*** DATA SEGMENT ***

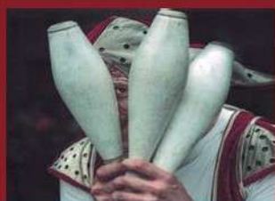
3. saria (2022) "Kukuutras!!!" Vladimiro García Villaverde
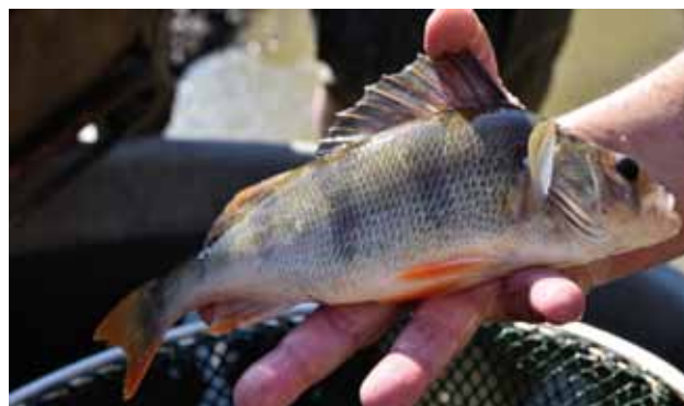
Zástupce dalších druhů ryb – okoun.
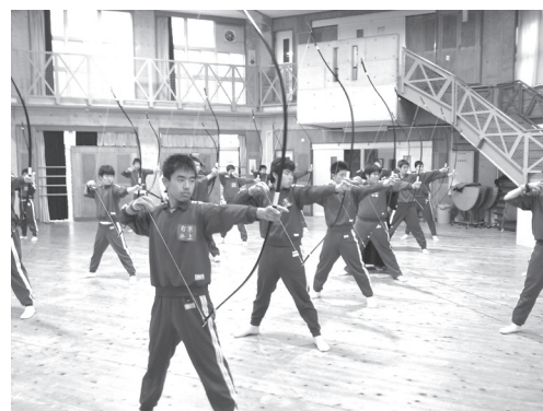
学校の多目的教室での基本習得
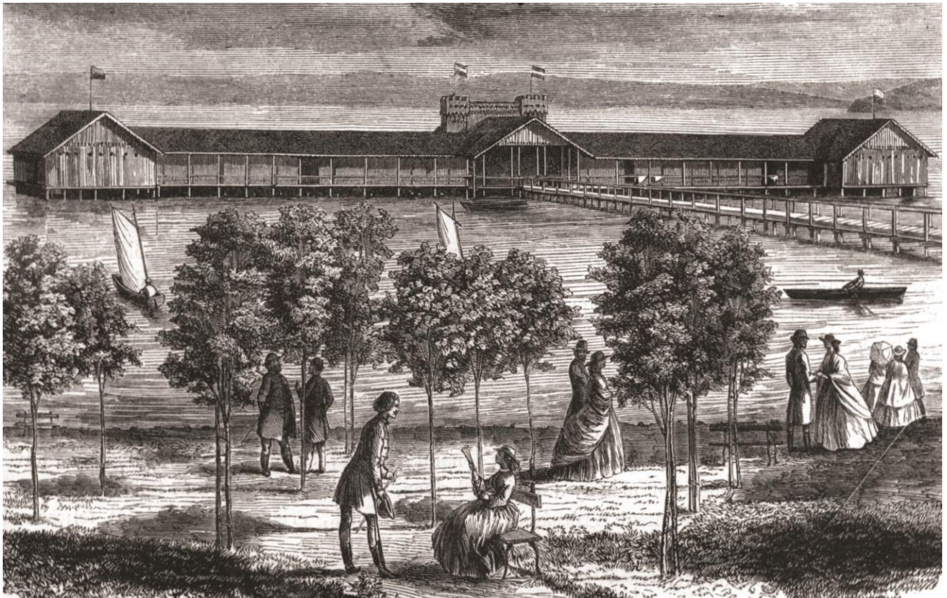
Lengyel Samu fotója alapján 1866-ban készült grafika a füredi tópartról, a sétányról és a hidegfürdőről ( Hazánk s a Külföld , 1866. szeptember 9.)

***

YOUR INSTRUCTIONS » Would you copy out the material above exactly, without the pictures in it?

YOUR RESPONSE »
3. saria (2022) "Kukuutras!!!" Vladimiro García Villaverde
Zástupce dalších druhů ryb – okoun.
学校の多目的教室での基本習得
Lengyel Samu fotója alapján 1866-ban készült grafika a füredi tópartról, a sétányról és a hidegfürdőről ( Hazánk s a Külföld , 1866. szeptember 9.)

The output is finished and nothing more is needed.